Title VII and related federal civil rights laws contain short administrative claims periods that often result in preclusion of actions filed after expiration of these dates. These exclusions lead to frequent litigation regarding when the period of limitations for filing discrimination and retaliation claims begins. Last week, the U.S. Supreme Court concluded that for situations where an employee resigns due to a constructive discharge, the limitations period begins as of the date of notice of resignation, and not the earlier last date of any alleged discriminatory or retaliatory action.
Constructive discharge occurs when an employee quits based on work conditions that are deemed intolerable to a reasonable person. In some situations, the date of resignation may be some time after the last claimed discriminatory act took place. In Green v. Brennan, the plaintiff alleged that he was accused by his employer, the U.S. Postal Service, of criminal delays in delivering mail after he complained about being denied a promotion due to his race. The parties eventually agreed that the plaintiff would resign in return for the USPS dropping the criminal charges, but the notice of resignation occurred several months after the alleged retaliatory action took place. The plaintiff filed a charge of discrimination with the EEOC, and the employer sought its dismissal as untimely.

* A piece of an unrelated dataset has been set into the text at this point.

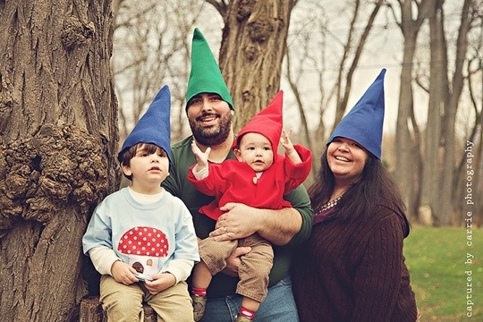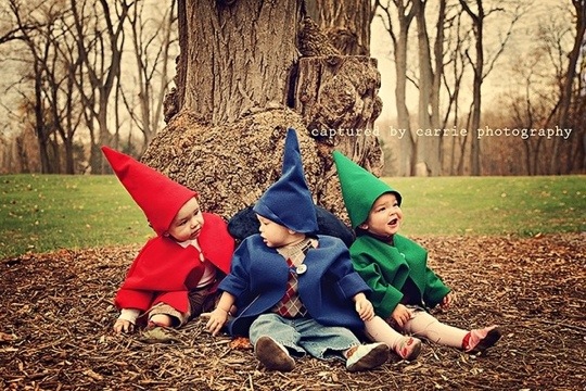 Gnome cousins! My son has twin cousins that are three weeks older than him. The idea of the three babies in gnome costumes was party of the inspiration for this party.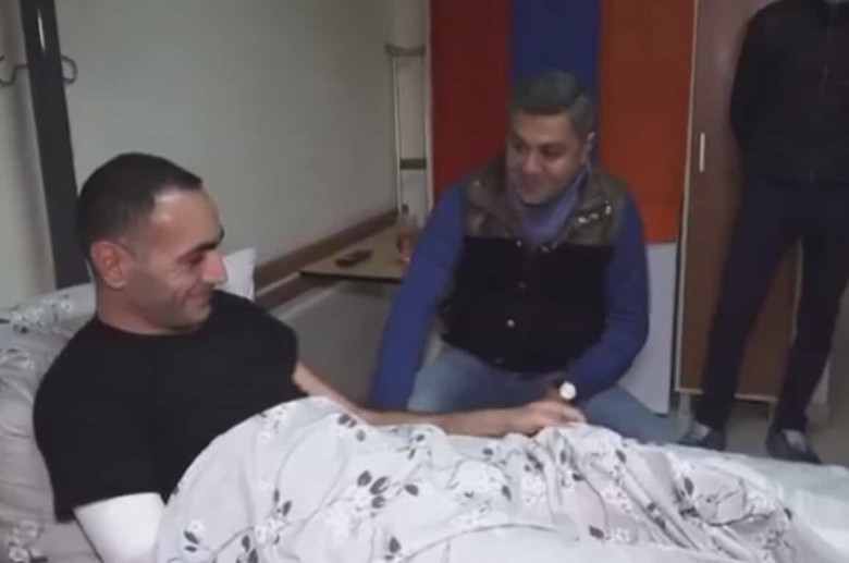 «Հայրենիք» կուսակցության նախագահ, գեներալ-մայոր Արթուր Վանեցյանը հիվանդանոցում տեսակցել է «Հայրենիք» զորախմբի վիրավոր մարտընկերոջը՝ Արթուր Նազարյանին (տեսանյութ)

The district court and the Tenth Circuit Court of Appeals agreed with the defendant, affirming dismissal of the claim as outside of the applicable limitations period. Those courts concluded that the period of limitations in employment discrimination claims runs from the last date of alleged discriminatory treatment, and not the day that the employee decides to resign.
In a 7-1 opinion, the Supreme Court reversed this decision, remanding the suit to district court. The Court stated that the period of limitations under Title VII and related laws begins running as of the date of constructive discharge: “resignation is part of the ‘complete and present cause of action’ in a constructive discharge claim, which comprises two basic elements: discriminatory conduct such that a reasonable employee would have felt compelled to resign and actual resignation.” From a practical standpoint, employees subject to conduct constituting constructive discharge may not be in a position to resign for some time after the alleged conduct occurs.
In practice, this decision should have limited impact on employers. In most constructive discharge situations, the employee resigns shortly after the alleged conduct takes place, and the deadline for filing an EEOC charge does not come into play in ensuing litigation. However, there may be a few situations where an employee delays a considerable amount of time before resigning, significantly extending the usual limitations period. In those cases, the employer could still argue that the delay is evidence of a lack of grounds for constructive discharge.